News orgs block the Internet Archive's crawlers—and undermine the truth
Nina Jankowicz at The Wayfinder:
The first time I learned about the Internet Archive and its Wayback Machine—a library of over one trillion snapshots of webpages since the earliest days of the net—was in my high school AP US Government class. It was the early 2000s, and Mr. Fenster, our teacher, was showing us how to access a slice of history. Though I’ve long forgotten the exact website we were looking at—an early version of nytimes.com, maybe?—I remember being bemused at how the internet used to look. Today, I rely on the Internet Archive for my research. I have a Wayback Machine sticker on my laptop. The Archive has helped me understand the impact malicious lies might have on my safety and allowed me to track changing narratives from both state-backed actors and independent grifters. It has tried to equalize access to information. But today, the Internet Archive’s—and by extension, the world’s—access to 23 major news sites is under threat. It’s not because they are worried about paywall hopping. Their decision is motivated by something much dumber: the AI industry’s insatiable appetite for information.
What is the Internet Archive?
The Internet Archive is best known for the Wayback Machine, which allows anyone to take a snapshot of what a webpage looked like at a given time, preserving that moment for the future. If a news outlet issues a correction or a politician makes a surreptitious edit to their website, the Archive provides a definitive record of a website at a specific moment, so long as someone—or an automated crawler—archives it. The Archive’s founder, Brewster Kahle, says his goal in founding the Archive in 1996 was “to be a record of what happened so that people can’t rewrite history.” That goal has become a pressing need under the second Trump Administration, which has worked to suppress inconvenient facts and censor information it doesn’t like.
Less well known are the Archive’s libraries of 2 million books and 3 million hours of television, including an archive of state-run propaganda from the likes of Russia...and corporate propaganda from the likes of Fox News. The latter helped me understand the extent to which Fox had lied about me in 2022-2023. Since I don’t watch much TV, let alone keep Fox on all day and night, I needed a way to understand how often Fox had talked about me. The Archive provided it. By my accounting, I was among the top 20 Democrats that Fox discussed, even months after I left government service. That’s a personal example, but the professional list is long and far-reaching. I’ve used the Archive to access content that has been taken down. Kat Tenbarge writes, “I’ve used the Wayback Machine to visit archived webpages from more than a decade ago, some of which helped corroborate serious allegations.
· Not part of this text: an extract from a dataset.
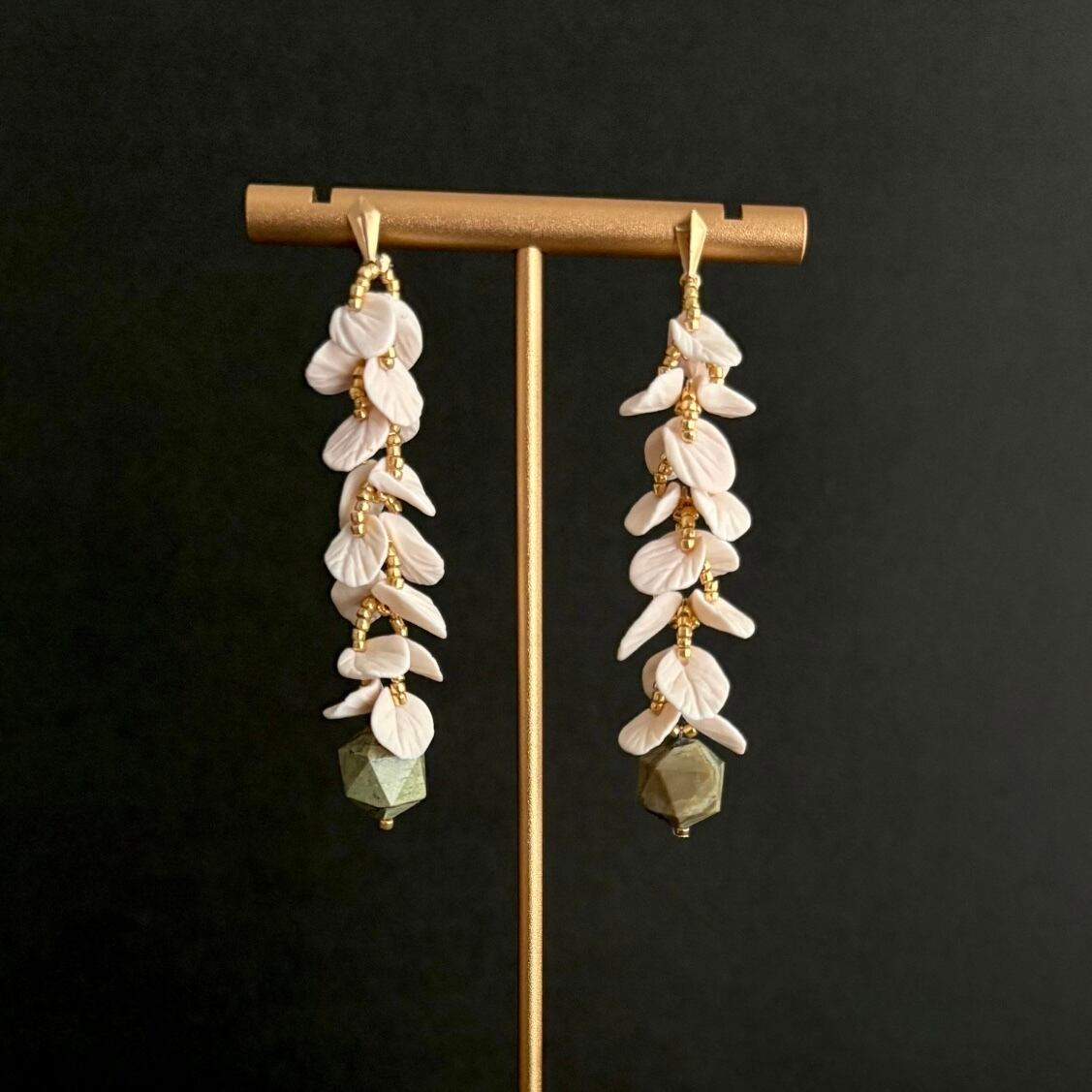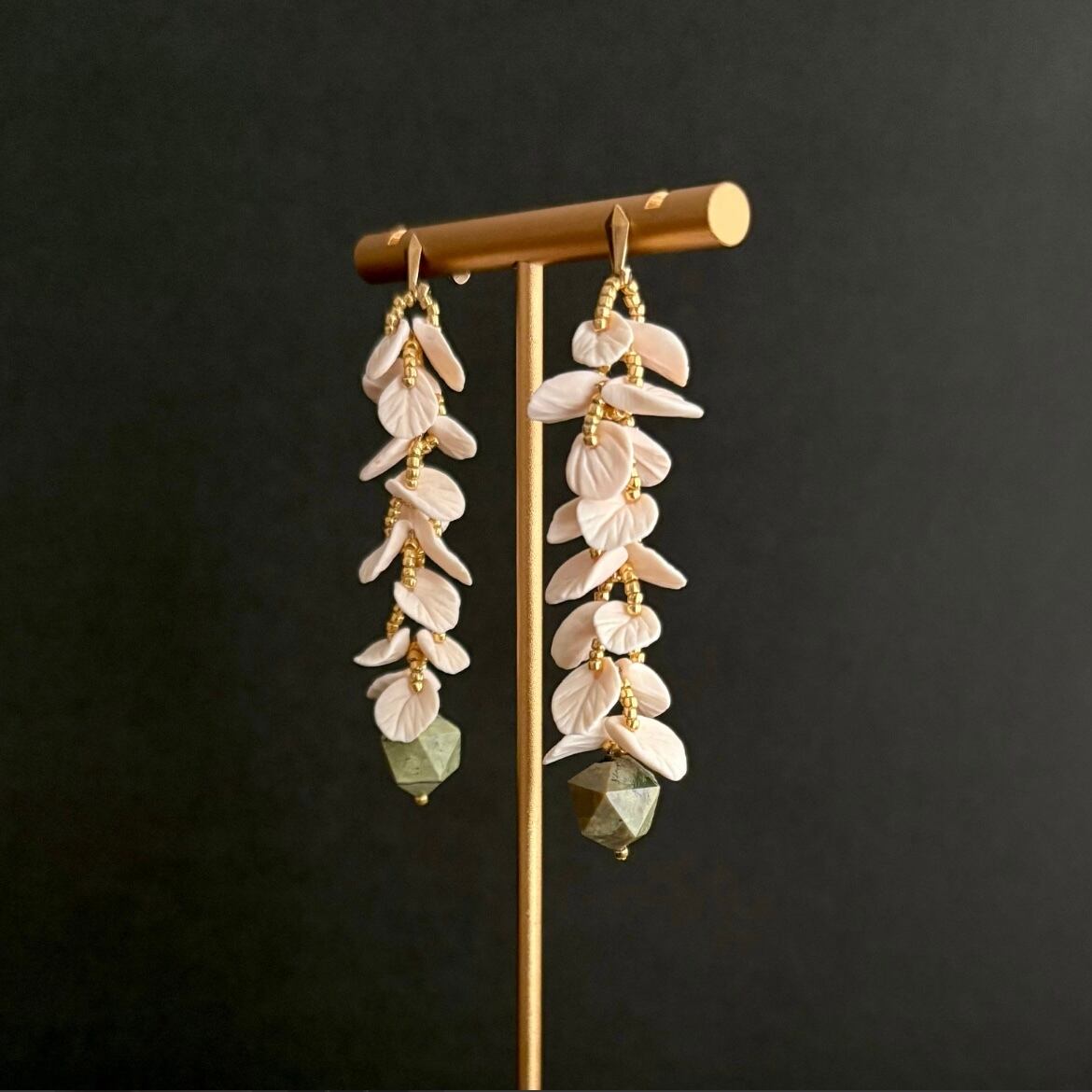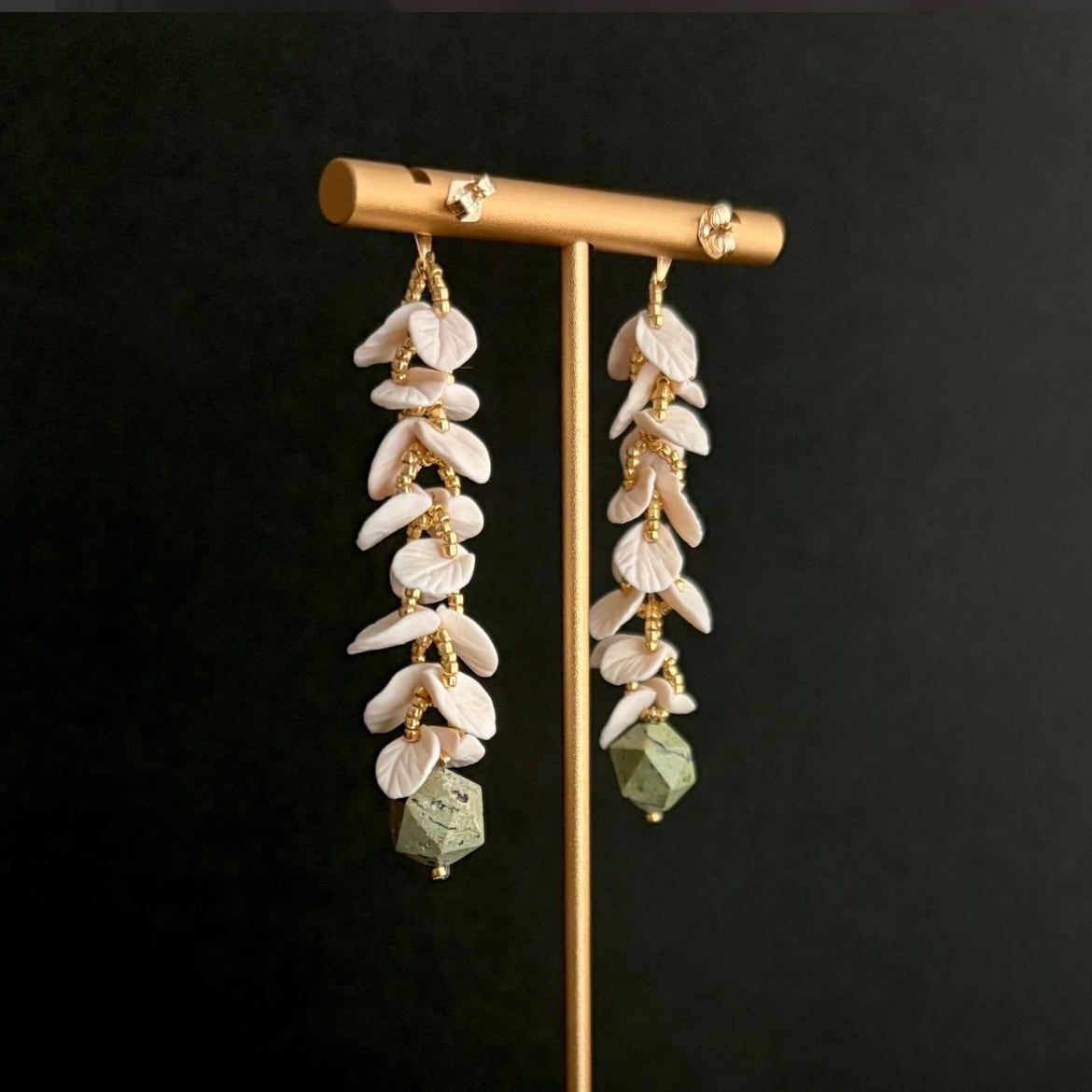 Leaf部分:14gf、ポリマークレイ、グリーンオパール、真鍮

I use the Wayback Machine regularly to figure out how many followers someone had at a given time, to resurface since-deleted material, and to find context for historical posts.” In my research, I regularly Archive public interest links myself in order to preserve access to them and create a historical record. I’ve been burned too many times by dead links in other people’s work, and that’s not their fault; Kahle points out that the life of the average webpage is only 100 days.
The Internet Archive and Wayback Machine are under serious threat of censorship by news organizations because of AI.